黒髪黒目、顔立ちは中性的で可愛いのに、ボサボサに伸びた前髪が目元を隠してしまっており、野暮ったく見える。
戦ってる時に格好良く映るのは、きっとあの前髪が靡いているからだと確信していた。
テレスの選んだソウシの百七十センチ程の身体を着飾る服は、シンプルながら何処か気品を漂わせる雰囲気を放っている。首元の宝石が輝くチョーカーもいいアクセントになっていた。

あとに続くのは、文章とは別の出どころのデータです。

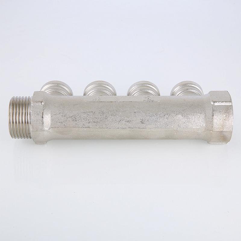 (VTc.550.N) Латунный никелированный коллектор на 2, 3 или 4 выхода диаметром 1/2" с внутренней резьбой. Диаметр коллектора – 3/4 или 1", резьба – внутренняя/наружная. Рабочая температура теплоносителя – до 130 °С, давление – до 16 бар. Применяется для распределения потоков жидкостей в контурах теплого пола, радиаторного отопления, холодного и горячего водоснабжения.

いつの間にか装着されていたブレスレットも同様だ。しかしーーーー女っぽい。
「ねぇ、この服自体は別に嫌いじゃ無いけどね。テレスのセンスに合わせると、何か女性物っぽく見えないかな?」
「今更でしょう? だって、アクセサリーが女性物なんだから」
「それもそうか……この外れないブレスレットはいつ付けたのか覚えて無いんだよ。絶対にアルティナ先輩の仕業だと思ってるけど」
「私といる時に他の女の話をするなんて、デリカシーに欠けるわよ?」
「そ、そうなんだごめん。気をつけるよ!」
「宜しい。では、次の店に行くわよ」
「あれ? 支払いは?」
「とっくに済ませてあるわよ。あんたは黙って付いて来る!」
「は、はい!」
店を出ると、テレスが突然腕を絡めだした。ソウシは戸惑いながらも、最近サーニアで耐性が付いていた為、平静を保っている。
「チッ!」
「な、何で今舌打ちしたの?」
「あんたが微妙に女慣れしてきてるのが気に食わないのよ」
「慣れてなんかいないよ! 今だって背中に汗を掻く程緊張してる。色んな意味で……」
「まぁ、そういう事にしておいてあげるわ」
「…………」
ソウシはバレたら疚しい事があるのでそのまま黙り込んだ。
何故か分からないが、ここ最近で起きた事を隠さず話した時に、殺される気がしたからだ。
「次はここよ!」
連れられて入った店は美容院だった。山育ちの少年は、初めて見るその光景に口を半開きにして呆然としている。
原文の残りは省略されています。